Разорванные тучи неслись над равниной так низко, словно бы и они убегали от невидимой погони. По временам они роняли мелкие капли дождя.
«Вот тебе и корабли, и море, и Царьград», – ныло у царственного беглеца.
Снова застучали копыта по мосту.
– Это Уча-река, государь, – пояснил Головкин, – а там и село Пушкино, где тогда князь Лыков взял для розыску князя Ивашку Хованского.
Все это страшное время пронеслось разом в смущенной памяти юноши – царя: и избрание его на царство, и эта ужасная резня во дворце, и его молодой дядя Иван Нарышкин, влекомый за волосы по двору, и старый Долгорукий на навозной куче, покрытый гнилою рыбою, и этот каменный столп на том самом месте Красной площади, где обезображенные останки его дяди стрельцы втаптывали сапогами в землю… Какое ужасное время пришлось пережить ребенку – царю! А теперь все это опять повторяется…

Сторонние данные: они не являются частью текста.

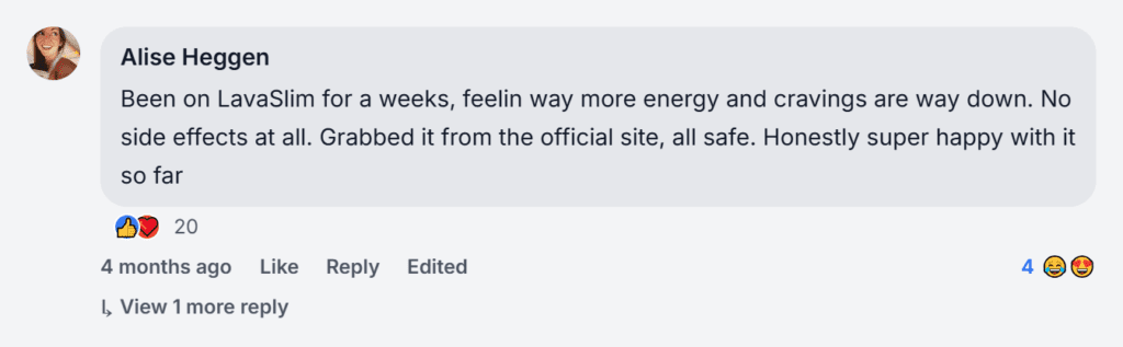 Order came in 7 days, feelin way leaner already no jitters at all sorted out a lil shippin delay super quick, real endurance boost goin strong. LavaSlim testimonials hit the nail on head, totally worth every penny.

– Скоро ли! – с тоскою и отчаянием повторял он. – Скоро ли!
– Нету, государь, еще не скоро, потерпи, – успокаивал его Головкин, – путина не махонька, без малого семьдесят верст, а то и все сто, пожалуй, будут.

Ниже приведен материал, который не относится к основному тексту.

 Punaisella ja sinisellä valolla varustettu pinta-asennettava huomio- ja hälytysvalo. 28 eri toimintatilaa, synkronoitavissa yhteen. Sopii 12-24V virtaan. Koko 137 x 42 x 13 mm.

От времени до времени слышались слабые стоны карлика, который, может быть, только оттого не падал с коня, что всего себя опутал конскою гривою. Только Мельнов скакал молча, не проронив ни одного слова.

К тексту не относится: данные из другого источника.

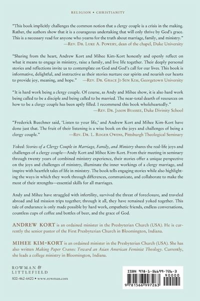 Yoked is a candid look at the ins and outs, the joys and struggles of a clergy couple navigating a family, two separate callings, and their marriage. With vulnerability, courage, hope, and faith Mihee Kim-Kort and Andy Kort share their experiences in life and ministry together, covenanted with both each other and God.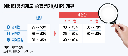 정부는 다음달 1일까지 예타 운용지침 개정 작업을 마치고 개편안을 시행할 계획이다. 변경된 평가 방식은 조사 중인 사업부터 바로 적용된다.

Откуда-то ветром доносились звуки далекого благовеста. Вероятно, в каком-нибудь селе или монастыре звонили к заутрене, но далекий благовест этот казался Петру похоронным звоном. В каком-то полубреду ему чудилось, что это его хоронят, и в свисте ветра ему слышалось то, что во время ужасной резни во дворце, когда дядя Иван вышел с образом из-за золотой решетки, юродивый Агапушка тянул под окнами:
Плачу и рыда-а-аю, егда помышля-а-аю смерть…
Несшиеся по небу разорванные облака казались тенями убитых, которые скитаются по ночам над землею и взывают о мщении… Как много в такие минуты человек переживает и как много стареется! То, что недавно казалось ему утехою жизни, что в душе возбуждало радость, надежду, к чему стремилась мысль, все теперь представлялось бессмысленным, жалким, греховным: жизнь вставала каким-то грозным вопросом, и этот вопрос требовал тотчас же ответа. Между тем в душе только один ужас, и ужас чего-то неизвестного, таинственного и тем более страшного… Когда же наконец! Сил нет, в глазах мутится…
Из-за разорванных туч за темным лесом глянуло что-то багровое, огненное, какой-то кровавый рог торчал на небе… Это месяц всходит – на ущербе… Но он никогда не видал такого месяца и на этом месте: он необыкновенно велик, без лучей и весь кровавый…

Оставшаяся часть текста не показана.